Notre amitié s’est raffermie quand Zine m’a rejoint à la Faculté des Lettres, des Arts et des Humanités de la Manouba.  Nous nous sommes  assidûment fréquentés depuis : quarante deux ans d’amitié  qui m’ont permis de connaître l’homme et d’apprécier ses grandes qualités humaines. Accueillant, toujours souriant, d’un abord facile, conscient de sa grande valeur sans être imbu de lui-même – je dirais même qu’il était l’incarnation de l’humilité –, généreux à souhait, grand travailleur, Zine, le bien nommé, s’est toujours dépensé sans compter, rendant service à ceux qui le méritent et même à ceux qui ne le méritent pas. Jeune assistant, il a aidé des agrégatifs parmi ses anciens camarades de classe à préparer l’agrégation et des doctorants, parmi les collègues, leur thèse. Il n’a pas hésité un seul instant, au milieu des années 80 du siècle dernier à donner de son temps pour dactylographier la thèse en chirurgie dentaire de mon frère soucieux de présenter un travail de bonne facture, exempt des fautes d’orthographe et pour saisir, pendant toute une année, lorsque nous ne disposions pas d’un ordinateur, les devoirs de ma femme, enseignante d’italien.

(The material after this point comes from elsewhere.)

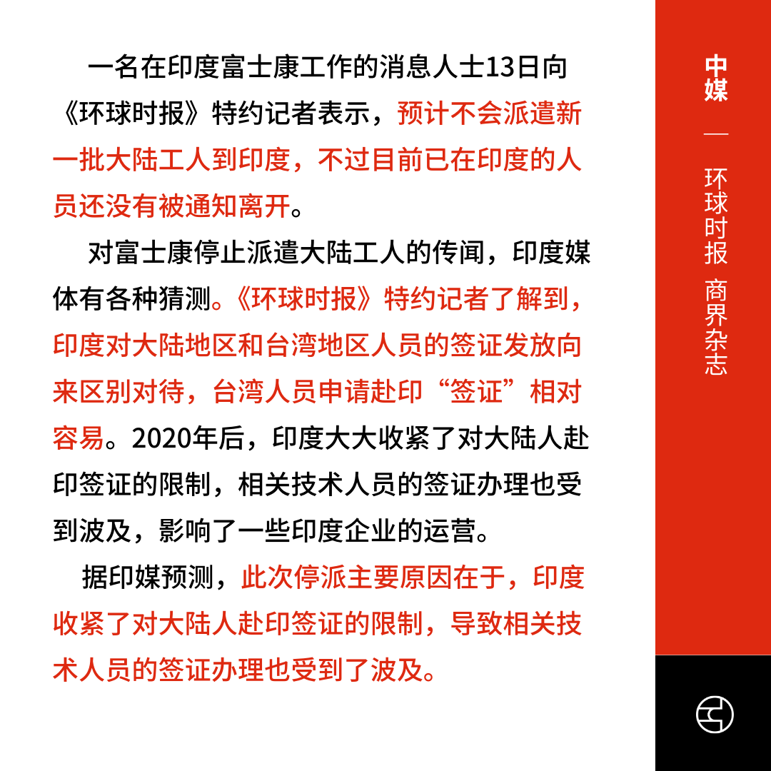 《环球时报》富士康停止派大陆员工?印媒担忧

J’ai également apprécié en tant que directeur du Département de français, du milieu des années 90 jusqu’aux premières années du 21ème siècle, à la faveur des réunions du Département et des travaux des commissions, ses hautes compétences scientifiques et pédagogiques reconnues par ses collègues et ses étudiants ainsi que sa disponibilité lorsque je sollicitais son aide pour faire les emplois du temps. Pour joindre l’utile à l’agréable – il était à la fois une cigale et une fourmi - mais aussi pour décrisper une atmosphère parfois tendue, il croquait, au cours de ces rencontres studieuses, les portraits de ses collègues et amis sur son bloc-notes avec beaucoup d’humour et de délectation. Notre ami Mohamed Hédi Marzougui en sait quelque chose, lui qui a posté l’autre jour sur Facebook son portrait croqué par Zine et jalousement gardé.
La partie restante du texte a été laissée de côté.